- Born: Nina Kakkar 14 November 1955 (age 70) New Delhi
- Years active: 1995–present
- Spouse: Charles Bracewell-Smith ​ ​(m. 1996)​

= Nina Bracewell-Smith =

Indian businesswoman (born 1955)

 Nina, Lady Bracewell-Smith (née Kakkar; born 14 November 1955) is an Indian-born businesswoman who has since March 2013 been based in Monaco. She was a major shareholder and former non-executive director of the Premier League football club Arsenal.

==Background==
Born in Bonn, she is the daughter of an Indian diplomat. In 1996 she married Sir Charles Bracewell-Smith, 4th Baronet (of Keighley in the County of Yorkshire) at Westminster Register Office. Her husband is the younger son of the former Arsenal director Sir George Bracewell-Smith, 2nd Baronet, who was on the Arsenal board of directors from May 1953 to September 1976. Sir George was in turn the son of the former Arsenal director Sir Bracewell Smith, 1st Baronet, who was chairman from 1948 to 1962.

==Arsenal FC==
Lady Bracewell-Smith's share in Arsenal comes from the estate of Sir Bracewell Smith, which was split among his grandchildren, Sir Charles Bracewell-Smith, Clive Carr, Richard Carr and Sarah Carr, now Lady Phipps-Bagge. Sir Charles Bracewell-Smith transferred ownership of his shares to his wife, Lady Bracewell-Smith, and she was made a non-executive director of Arsenal in 2005; her appointment increased the membership of Arsenal's Board of Directors to ten.
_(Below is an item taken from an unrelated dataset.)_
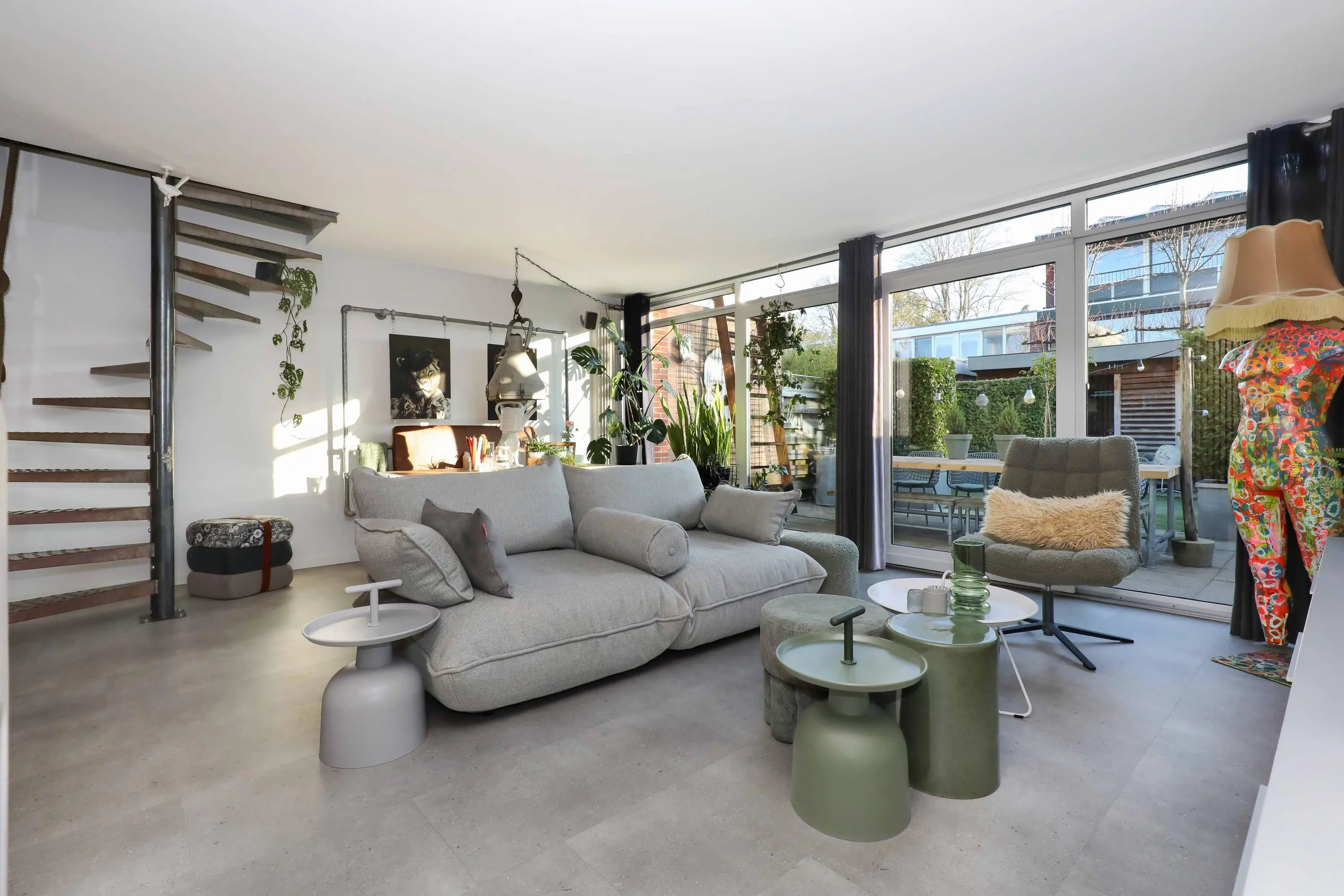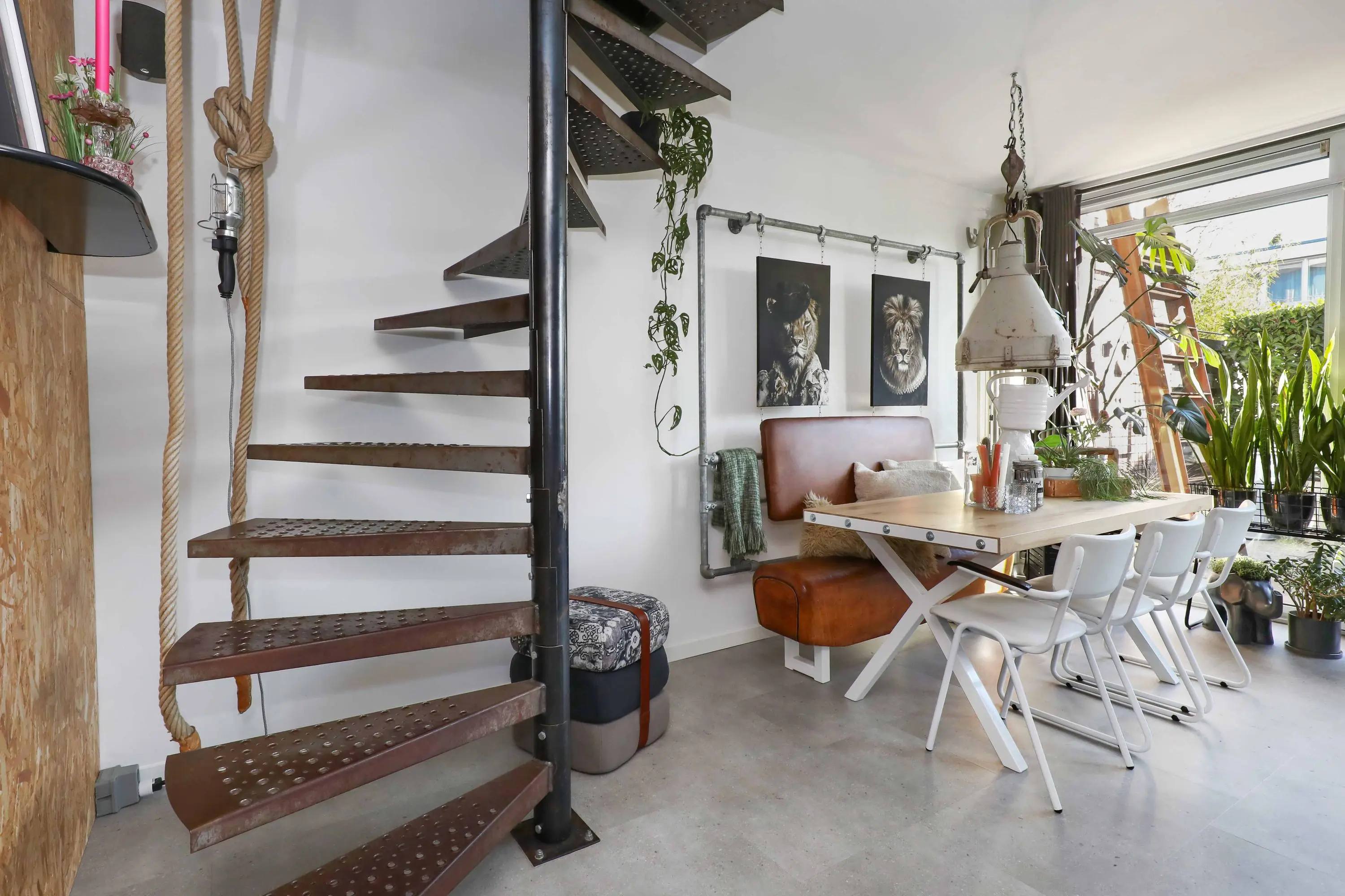 Begane grond: entree/hal met open doorgang naar de separate keuken aan de voorzijde van de woning. De basis van de keuken is geplaatst in 2003, maar de fronten zijn in 2024 gewrapt waardoor de keuken een moderne look heeft en er is diverse inbouwapparatuur aanwezig. In de hal bevindt zich tevens de toiletruimte en er is middels een industriële stalen schuifdeur (2023) toegang tot de woonkamer aan de achterzijde van de woning. Deze ruimte biedt een zee van daglicht door de enorme raampartij met schuifpuien naar de achtertuin en beschikt over een sfeervolle pelletkachel (ter overname). Hier bevindt zich tevens de stoere stalen wenteltrap naar de verdieping. De gehele begane grond is v.v. een onderhoudsarme PVC-vloer (2023).

As of September 2007, Lady Bracewell-Smith owned a 15.9% stake in the club and was the third largest shareholder in the club following Danny Fiszman, with 24.11%, and Red and White Holdings, which is co-owned by Farhad Moshiri and Alisher Usmanov, which owns 24.0% of the equity. In April 2007, she joined with the other board members, her husband’s cousins, as well as Danny Fiszman and the chairman, Peter Hill-Wood, in resisting a take-over by Usmanov, which was believed to have the support of former vice-chairman David Dein. On 17 December 2008 Arsenal Holdings PLC made this announcement: "Lady Nina Bracewell-Smith will be leaving the Boards of the Company and the Club with immediate effect."

On 11 April 2011, she sold her Arsenal shares amounting to 15.9% of club's stake to Stan Kroenke.

On 1 March 2012, she was appointed but removed now Honorary Vice-President of the Club.

==Other business interests==
Lady Bracewell-Smith was also formerly a director of the Park Lane Sheraton Hotel. The Bracewell-Smith family has strong connections to hotels having previously owned the Ritz Hotel in London, which they sold in 1976, together with a large share of the Paris Ritz; they also held the majority of the shares in the Park Lane Hotel (built by Sir Bracewell Smith in 1920) until its £44m sale in 1996.

She and her husband were ranked 657th in the Sunday Times Rich List 2009 with an estimated family fortune of £85m. She is also 44th on The Sunday Times UK Asian rich list, 72nd on the women list and is in the European Rich List.